## About this exercise
What is needed is an exact copy of the entries, with the pictures excluded.

Records provided Start Marker

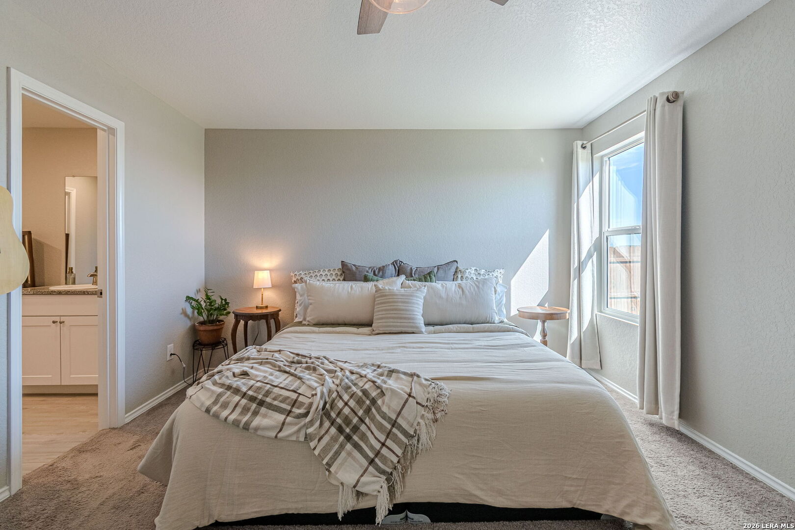 This 4-bedroom home sits in one of the area's most centrally located communities - with easy access to everything New Braunfels has to offer. Inside, the open floor plan is bright and well-appointed with upgrades already done: tile backsplash, ceiling fans throughout, custom blinds, and a statement chandelier. Fresh sod in the backyard and easy care landscaping give this home added appeal while the greenbelt behind the home provides rare privacy. The community amenities are a standout: pool, splash pad, park, and playground, all within the highly regarded Comal ISD. Tasteful finishes. Prime location. True turnkey.
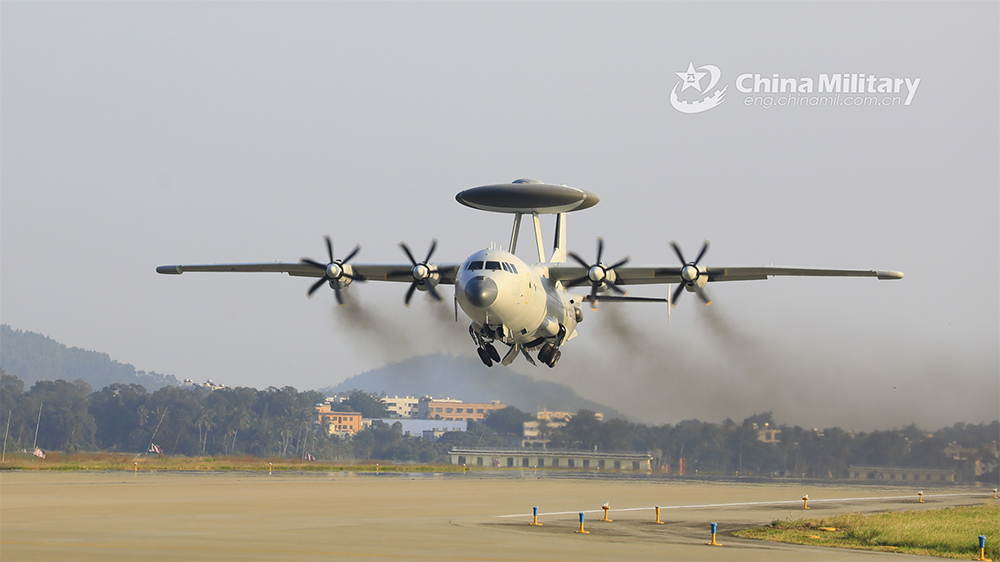 An Airborne Early Warning (AEW) aircraft attached to an aviation division of air force under the PLA Southern Theater Command speeds up to take off in a recent flight training exercise. (eng.chinamil.com.cn/Photo by Gao Hongwei)
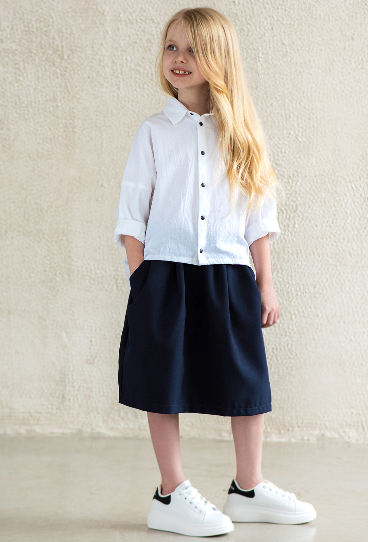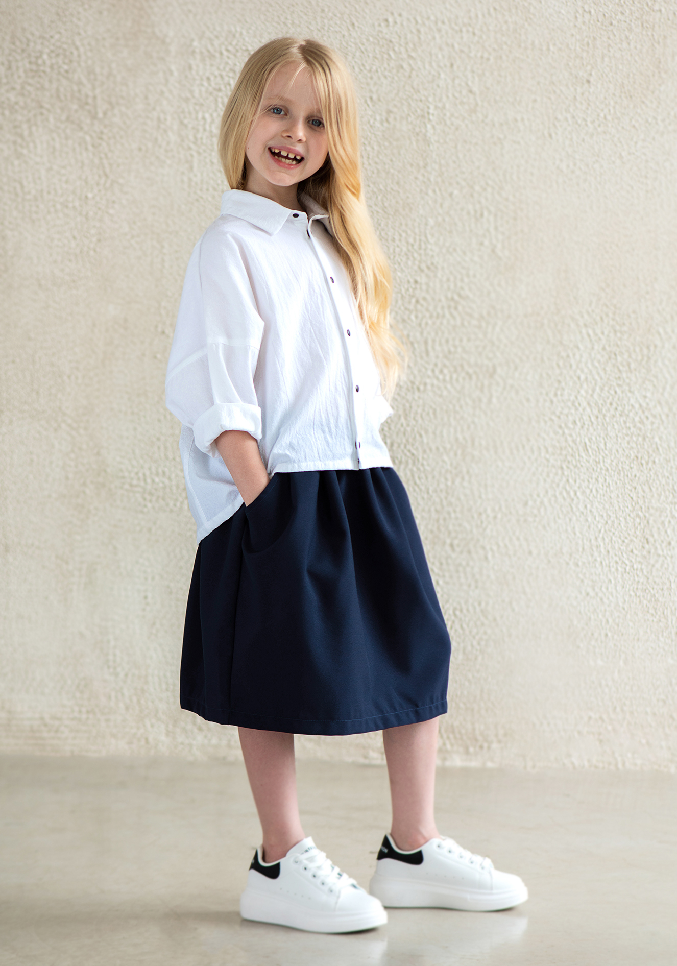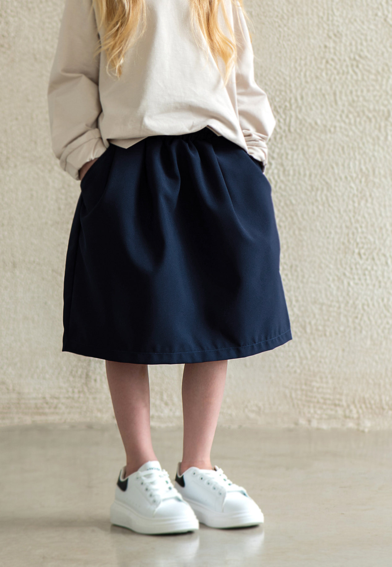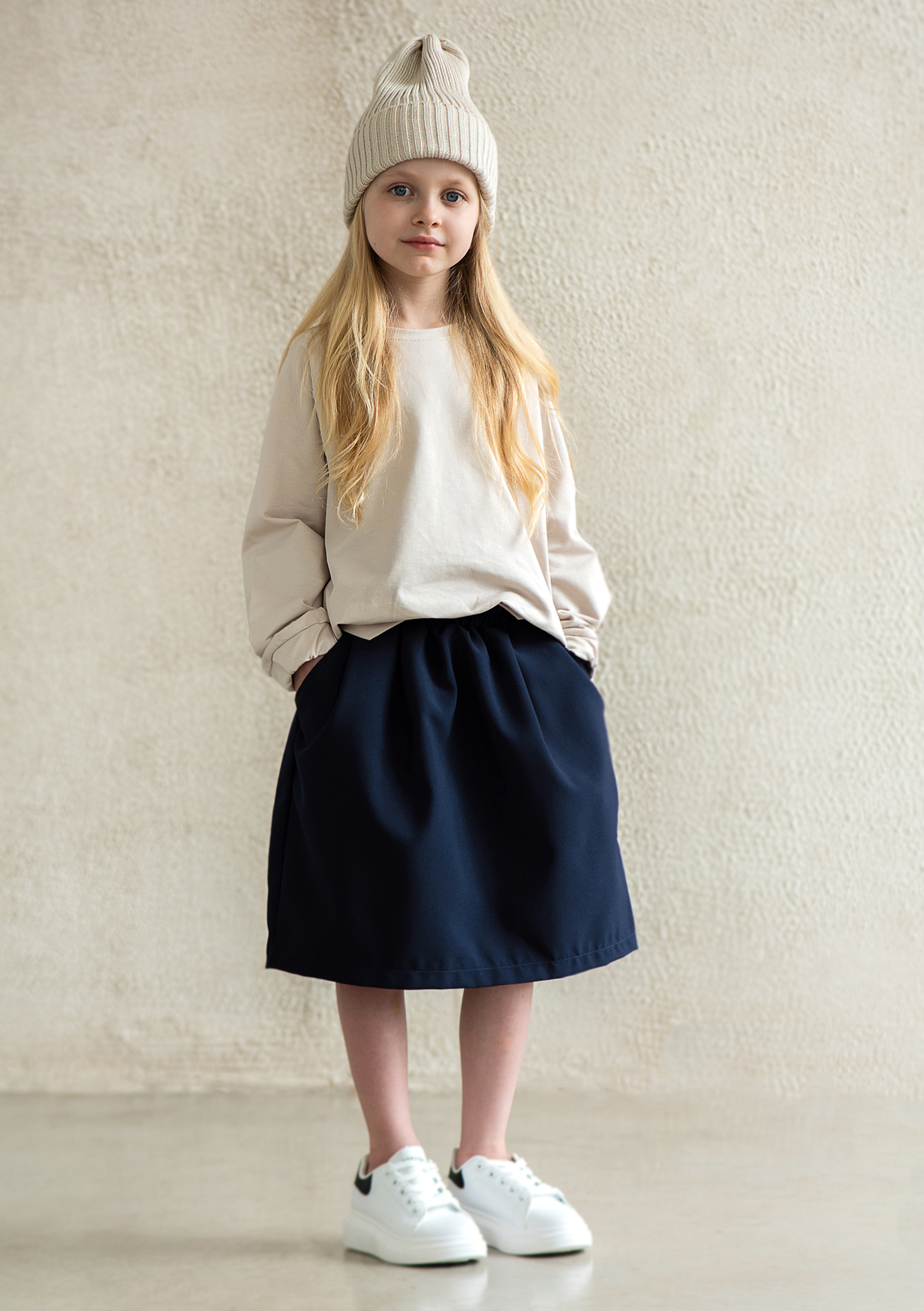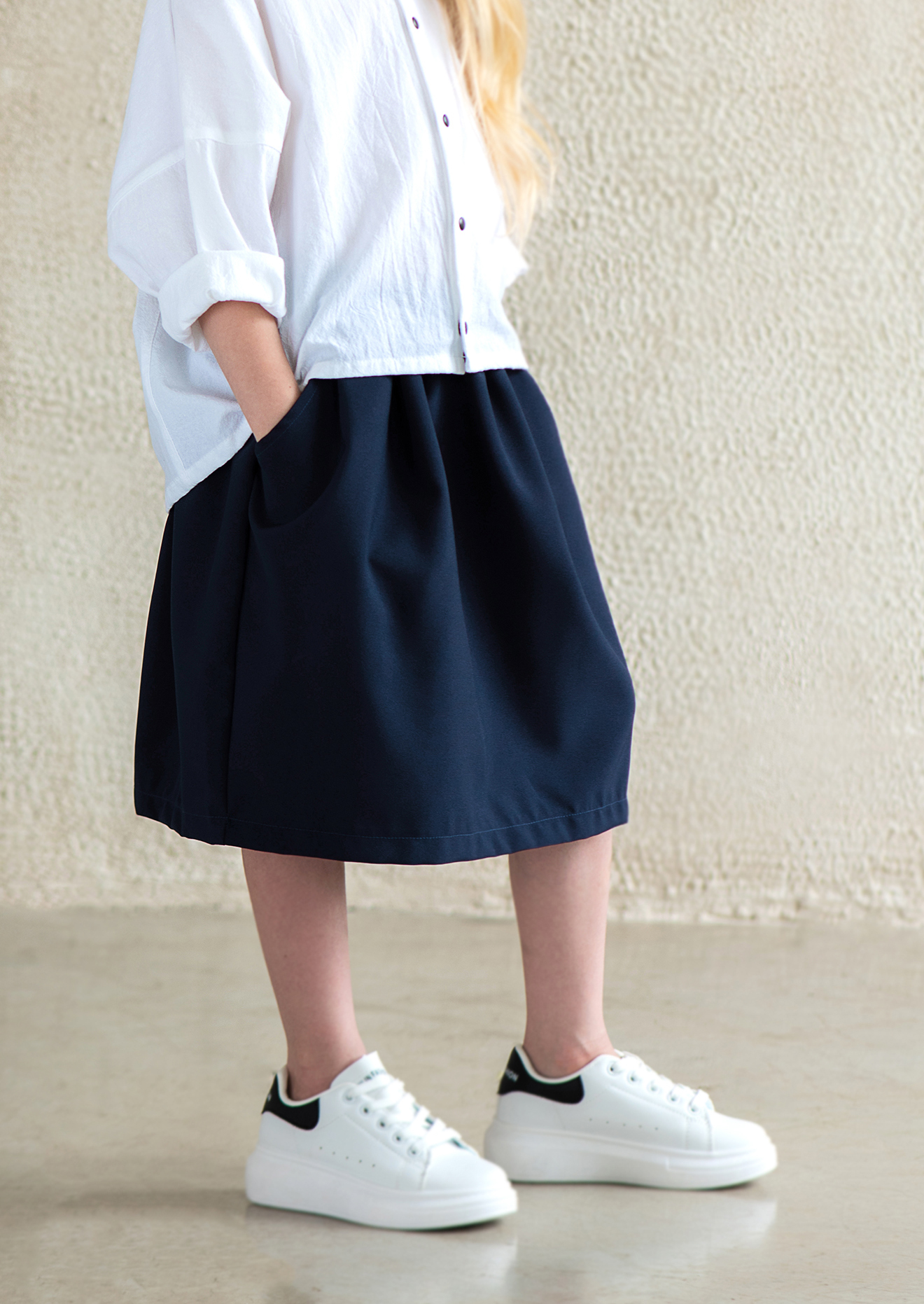 Стандартная длина юбочки для своего размера — чуть ниже колен, но вы можете подобрать длину повыше или пониже, взяв соответсвующий этой длине размер (см. измерения), т.к. резинка на поясе подходит для нескольких размеров.
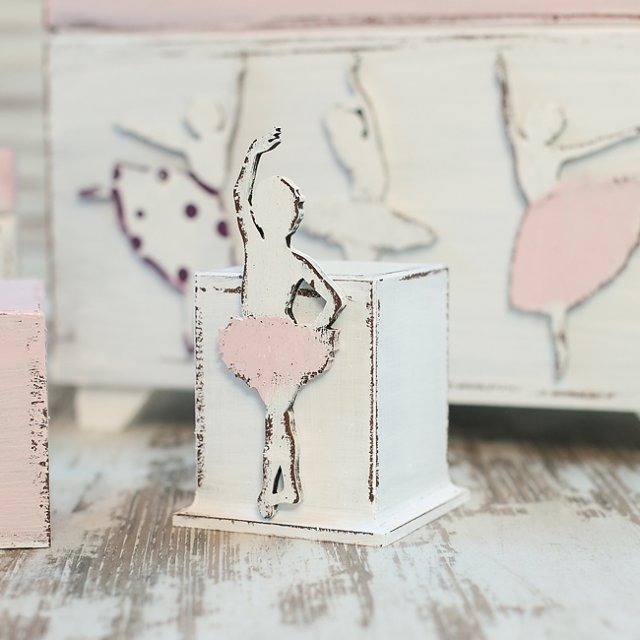 Drewniane pudełko na ołówki ozdobione roztańczoną baletnica w różowej spódnicy
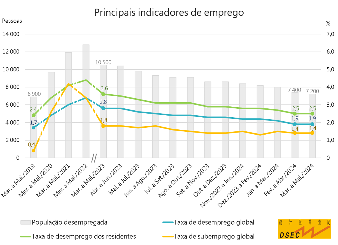 Entre Março e Maio de 2024 a taxa de desemprego global (1,9%) e a taxa de desemprego dos residentes (2,5%) mantiveram-se ambas idênticas às do período passado (Fevereiro a Abril de 2024), após terem caído por dois períodos consecutivos. Estes dois indicadores aproximaram-se dos níveis do período de Março a Maio de 2019. A taxa de subemprego manteve-se em 1,4%, informam os Serviços de Estatística e Censos.
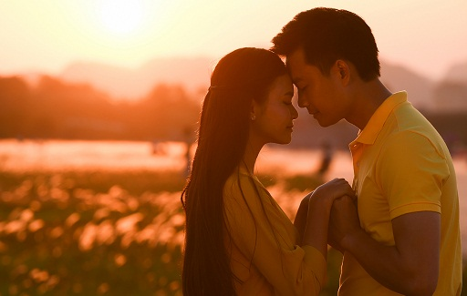Cảnh tình cảm của Tiến Lộc và Phạm Phương Thảo trong phim ca nhạc "Mong manh em".
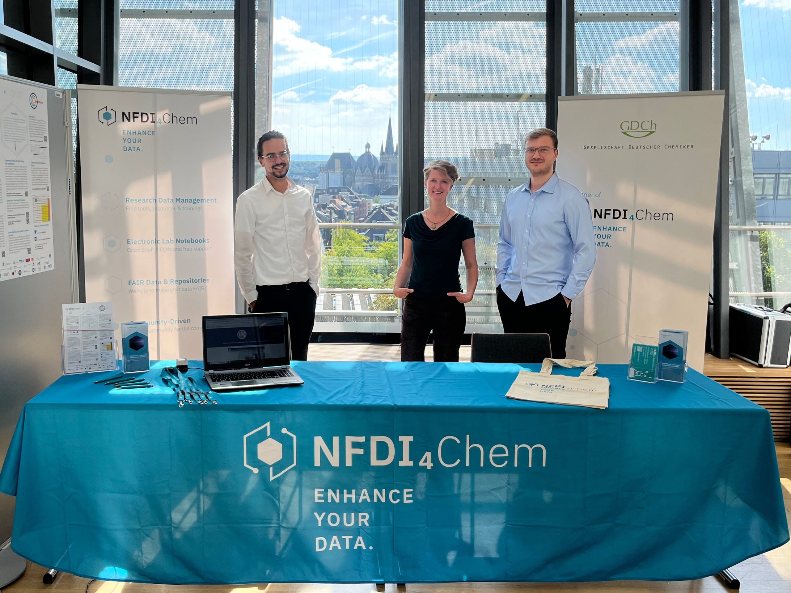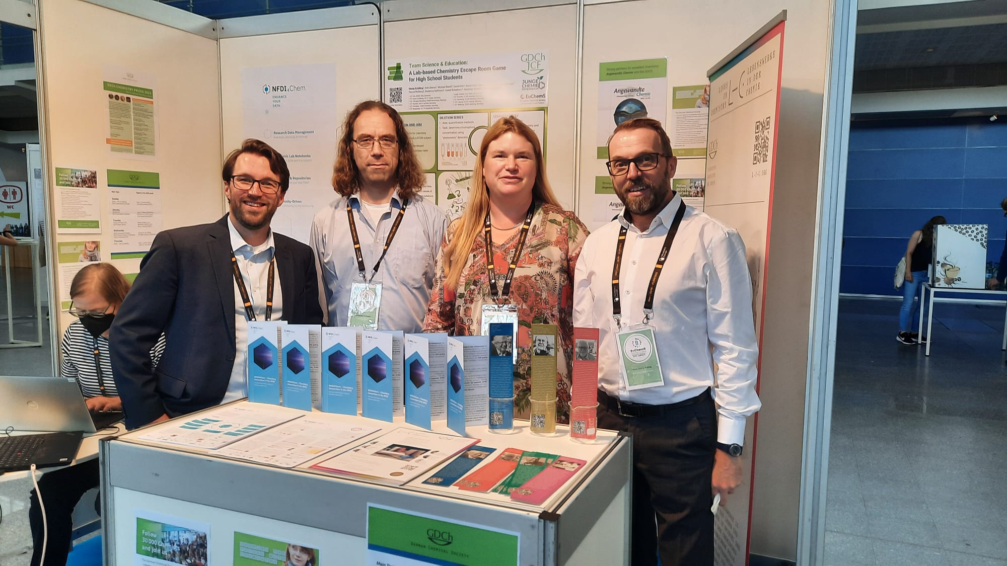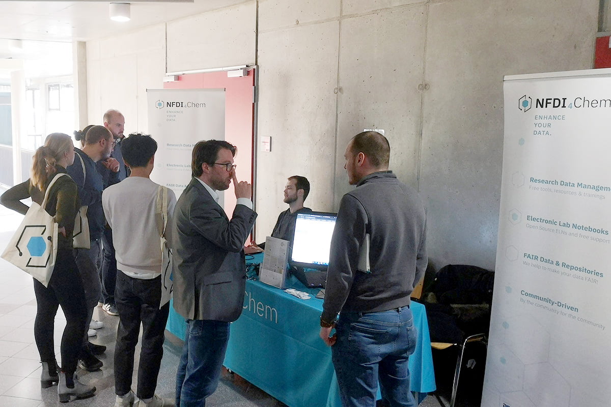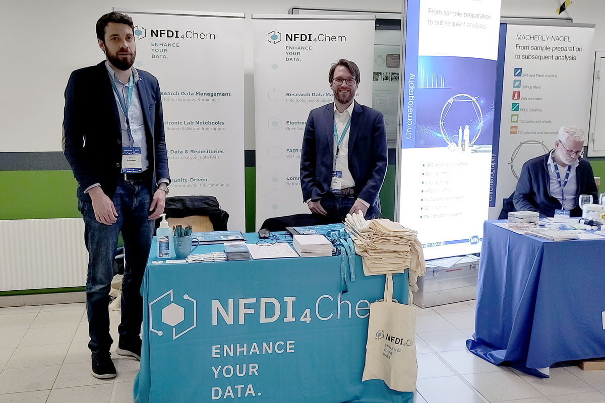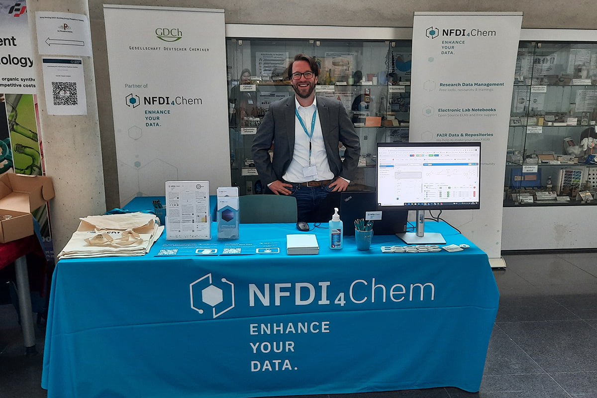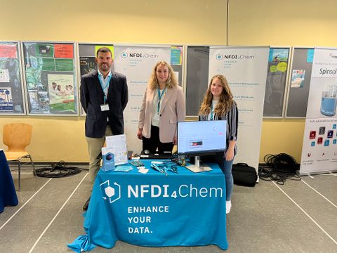 Das NFDI4Chem-Team war auf zahlreichen Konferenzen vertreten. Mit Konferenzständen, Vorträgen und Postern möchten wir die chemische Gemeinschaft das ganze Jahr über über die neuesten Entwicklungen bei elektronischen Labornotizbüchern, Repositorien und neuen Tools für ein intelligentes Labor informieren.
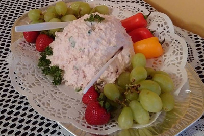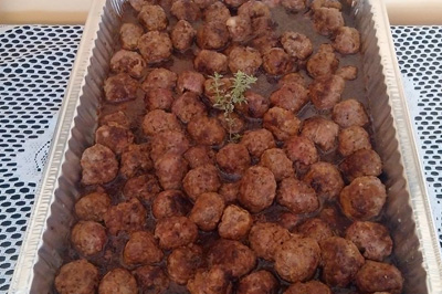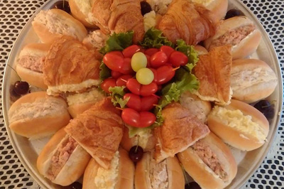 St-Albert cheese, assorted tea sandwiches, fancy bun sandwiches, pickles, fancy crackers, two salads of your choice, homemade meatballs, baked beans - $30 per plate.
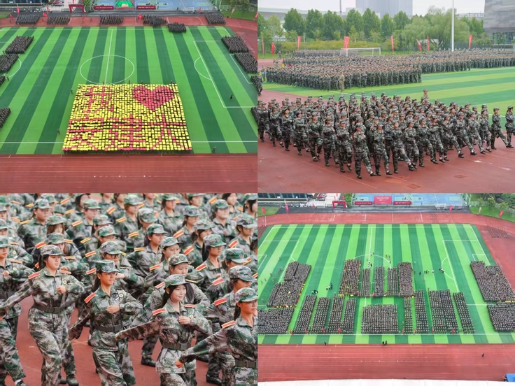 蔡国军一声令下,军训成果展示正式拉开帷幕。首先亮相的是拼字方阵,学员们以精准的跑位、默契的配合,诠释了对祖国的赤诚热爱和对学校精神的领悟;行进间队列方阵表演中,同学们步伐铿锵有力,动作整齐划一,彰显出严格的纪律性和高度的协同精神;战术方阵的演示将现场气氛推向高潮,学员们模拟战场环境,灵活施展战术动作,彰显了过硬的军事素养;刺杀操方阵的同学们口号如雷,突刺凌厉迅猛,动作刚劲有力,尽显一往无前的战斗作风;匕首操方阵的女同学们手持训练匕首,动作干净利落,喊杀声清脆响亮,巾帼不让须眉的英姿成为操场上一道亮丽的风景;格斗术方阵的学员们身手敏捷,展现了扎实的防身自卫能力和勇毅顽强的意志。最后,全体参训学员以一场气势磅礴的大合唱为成果展示画上圆满句号。

Records provided End Marker

## Solved exercise
 This 4-bedroom home sits in one of the area's most centrally located communities - with easy access to everything New Braunfels has to offer. Inside, the open floor plan is bright and well-appointed with upgrades already done: tile backsplash, ceiling fans throughout, custom blinds, and a statement chandelier. Fresh sod in the backyard and easy care landscaping give this home added appeal while the greenbelt behind the home provides rare privacy. The community amenities are a standout: pool, splash pad, park, and playground, all within the highly regarded Comal ISD. Tasteful finishes. Prime location. True turnkey.
 An Airborne Early Warning (AEW) aircraft attached to an aviation division of air force under the PLA Southern Theater Command speeds up to take off in a recent flight training exercise. (eng.chinamil.com.cn/Photo by Gao Hongwei)
 Стандартная длина юбочки для своего размера — чуть ниже колен, но вы можете подобрать длину повыше или пониже, взяв соответсвующий этой длине размер (см. измерения), т.к. резинка на поясе подходит для нескольких размеров.
 Drewniane pudełko na ołówki ozdobione roztańczoną baletnica w różowej spódnicy
 Entre Março e Maio de 2024 a taxa de desemprego global (1,9%) e a taxa de desemprego dos residentes (2,5%) mantiveram-se ambas idênticas às do período passado (Fevereiro a Abril de 2024), após terem caído por dois períodos consecutivos. Estes dois indicadores aproximaram-se dos níveis do período de Março a Maio de 2019. A taxa de subemprego manteve-se em 1,4%, informam os Serviços de Estatística e Censos.
Cảnh tình cảm của Tiến Lộc và Phạm Phương Thảo trong phim ca nhạc "Mong manh em".
 Das NFDI4Chem-Team war auf zahlreichen Konferenzen vertreten. Mit Konferenzständen, Vorträgen und Postern möchten wir die chemische Gemeinschaft das ganze Jahr über über die neuesten Entwicklungen bei elektronischen Labornotizbüchern, Repositorien und neuen Tools für ein intelligentes Labor informieren.
 St-Albert cheese, assorted tea sandwiches, fancy bun sandwiches, pickles, fancy crackers, two salads of your choice, homemade meatballs, baked beans - $30 per plate.
 蔡国军一声令下,军训成果展示正式拉开帷幕。首先亮相的是拼字方阵,学员们以精准的跑位、默契的配合,诠释了对祖国的赤诚热爱和对学校精神的领悟;行进间队列方阵表演中,同学们步伐铿锵有力,动作整齐划一,彰显出严格的纪律性和高度的协同精神;战术方阵的演示将现场气氛推向高潮,学员们模拟战场环境,灵活施展战术动作,彰显了过硬的军事素养;刺杀操方阵的同学们口号如雷,突刺凌厉迅猛,动作刚劲有力,尽显一往无前的战斗作风;匕首操方阵的女同学们手持训练匕首,动作干净利落,喊杀声清脆响亮,巾帼不让须眉的英姿成为操场上一道亮丽的风景;格斗术方阵的学员们身手敏捷,展现了扎实的防身自卫能力和勇毅顽强的意志。最后,全体参训学员以一场气势磅礴的大合唱为成果展示画上圆满句号。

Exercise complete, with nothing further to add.